The biggest challenge is that she refuses anything less than full support from her family and friends. She completely cut off her sister — skipping her wedding — just for suggesting she seek mental health help. She hasn’t spoken to her mother in months either.
I don’t want to abandon her because I believe she genuinely needs help. But at the same time, she’s manipulating her ex-husband for more alimony while staying with a man who has repeatedly screamed at her in public. I fear she’s a danger to herself, but if I say anything, I know she’ll cut me off, too.
Should I stay in her life in case she eventually needs me, or is it time to take a harder stance and stop enabling her behavior? — Confused Cousin
DEAR CONFUSED: You can’t save someone who doesn’t want to be saved.
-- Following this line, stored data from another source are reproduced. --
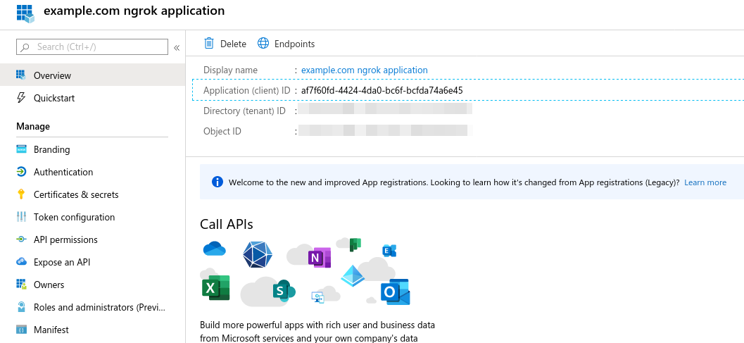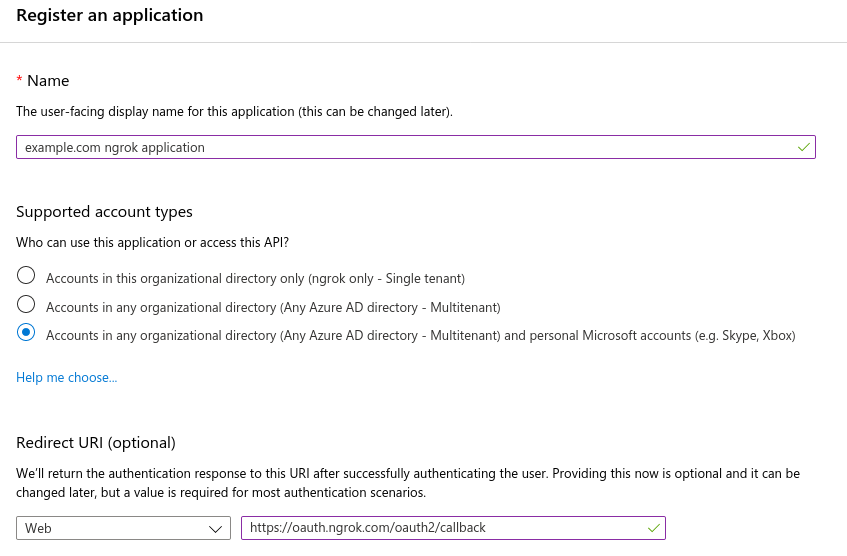 Step-by-step instructions below closely follow Microsoft documentation to create a new application for ngrok within the Azure portal.Register an application
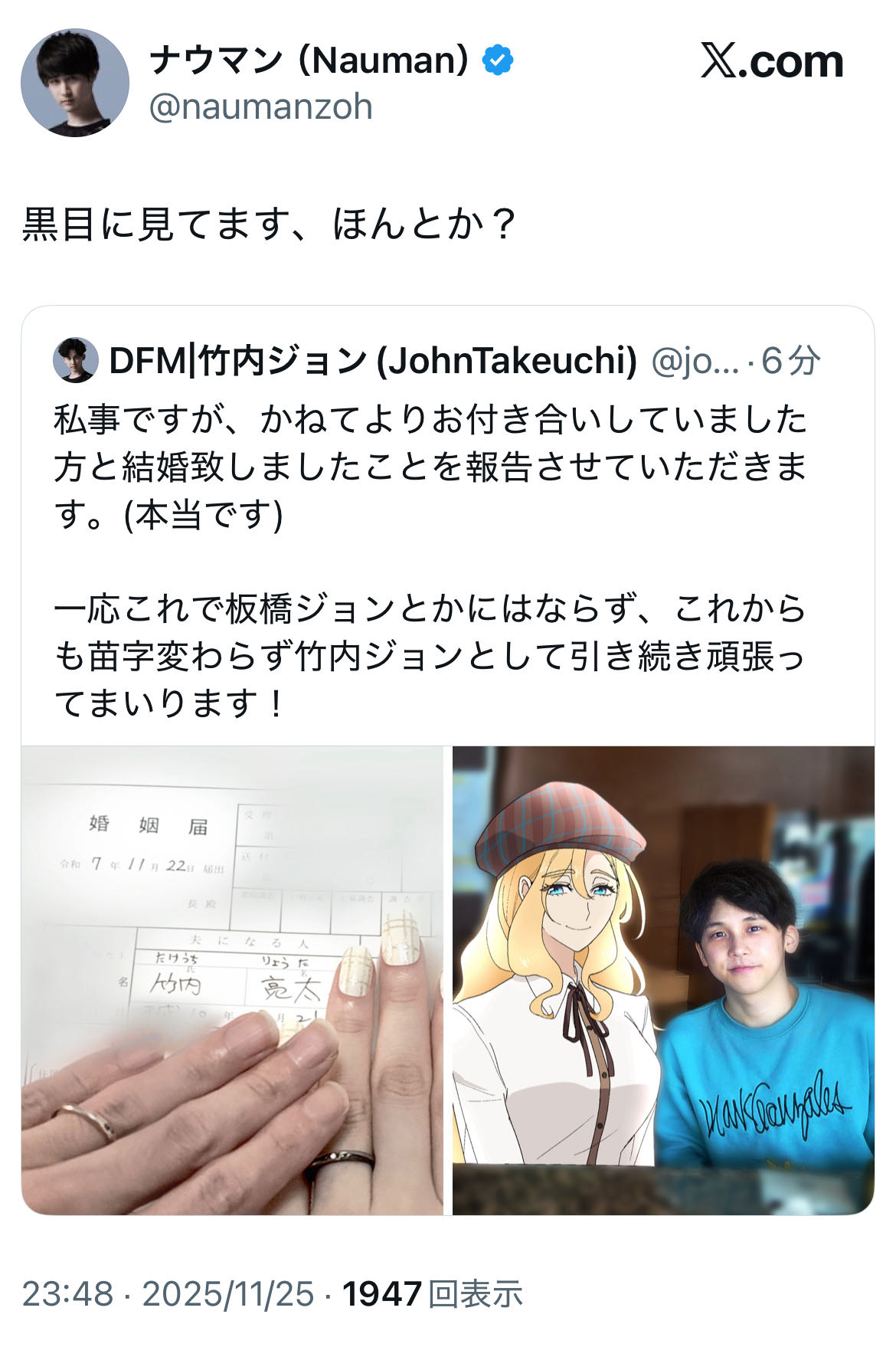 | … | 1025/11/25(火)23:51:27No.1376276585そうだねx24本当に結婚したのかどうか分からないの怖いんだよね… |
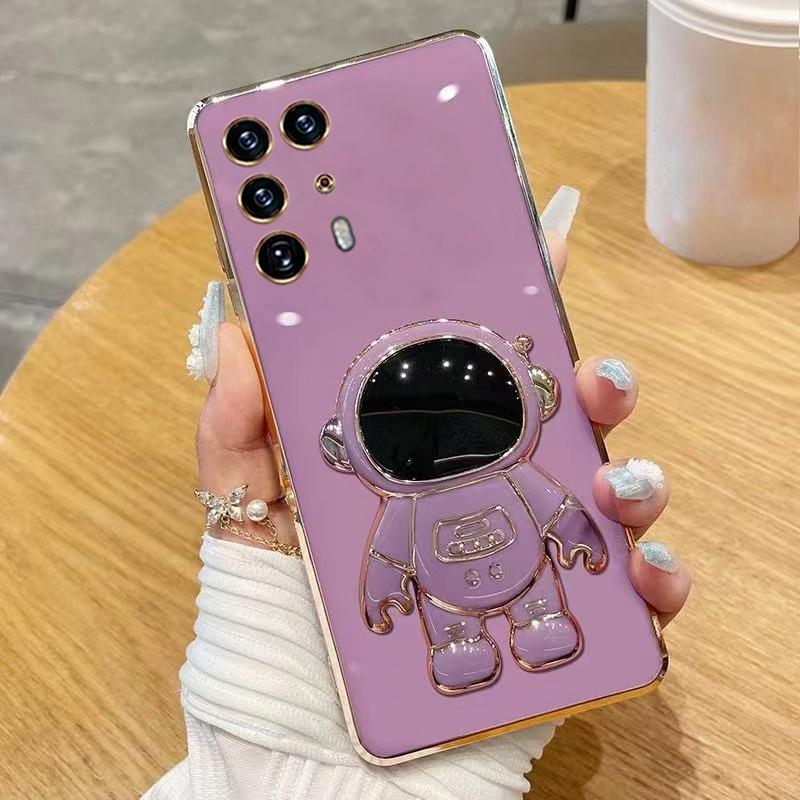 For Huawei P40 Pro+ Electroplating Astronaut Holder Phone Case(Purple)
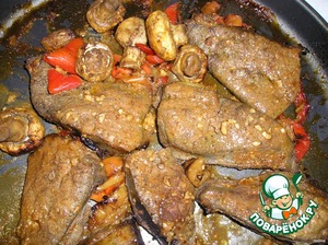 • В духовку разогретую до 230-250 градусов ставим противень с налитыми 2 стаканами кипяточка. А на решёточку выше - печень. Режим - гриль+конвекция. 15-20 минут. Очень нежно, очень вкусно! Как грибочки промариновались и запеклись, а печёночка!..
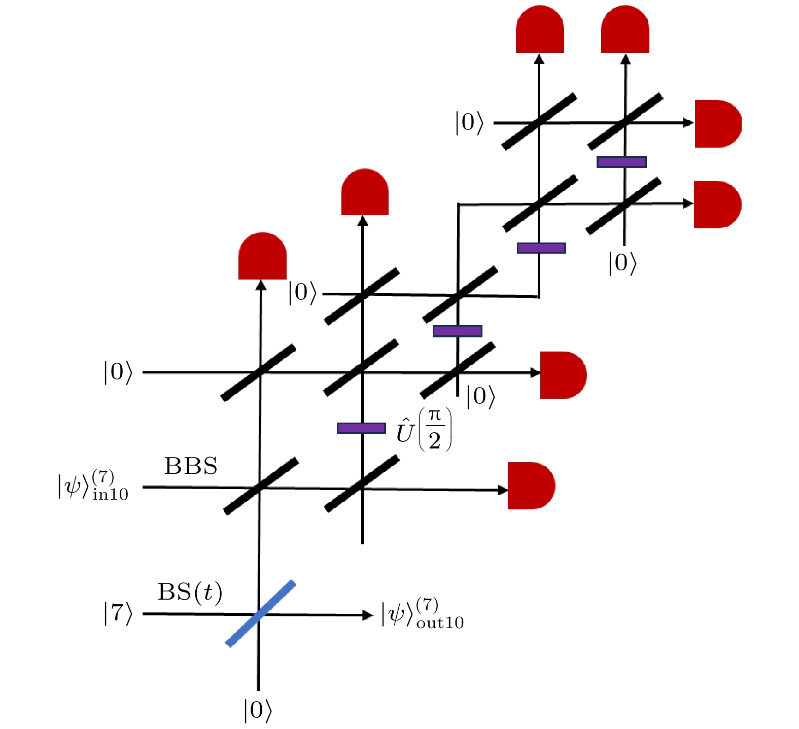 图 11 基于7光子QS(7-QS)的NLA方案原理图[29]. 本方案在BS(t)的一个输入端输入7光子辅助态. 运行8端口单光子测量方案. 当其中7个端口探测到单光子, 另一个端口没有探测到光子时, 方案运行成功
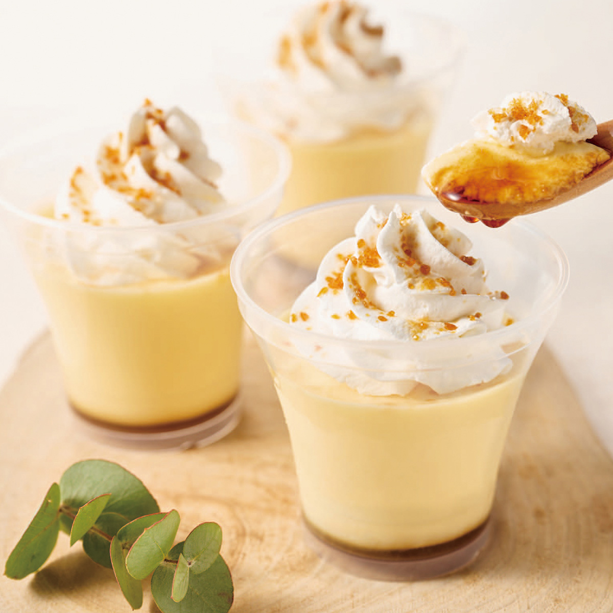 ふわトロの食感がやみつきに。カラメルソースが入った富良野産の生乳を使用したぷりんの上にクリームをかけました。カラメルクラッシュをかけてお召し上がりください。
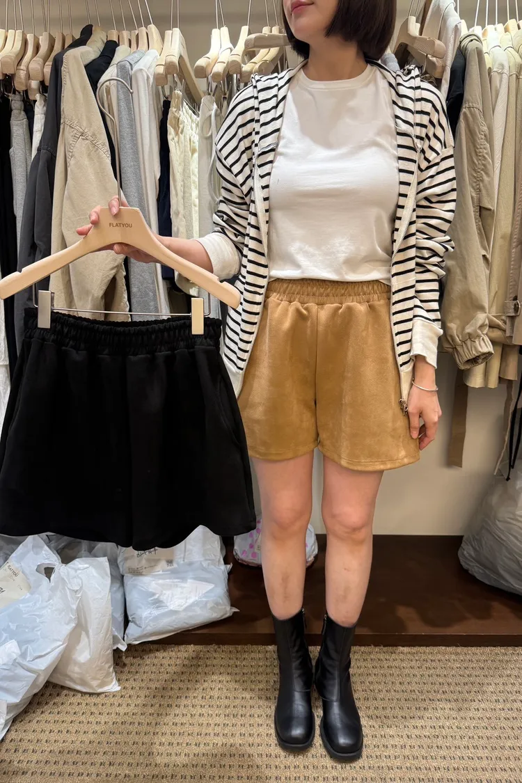 GG187-Flatyou仿麂皮鬆緊帶短褲

Your cousin is making destructive choices, but she’s also made it clear that any pushback will lead to being cut off. That’s her decision, not yours. Obviously, she needs professional help, and if there is any way you can help her get it, by all means do so.
In the meantime, offer support where you can — without enabling her. If she ever reaches out for real help, be there. But you are not responsible for fixing her life, and chasing after her will only drain you. Sometimes, the best thing you can do for someone in crisis is to step back and let them face the consequences of their choices.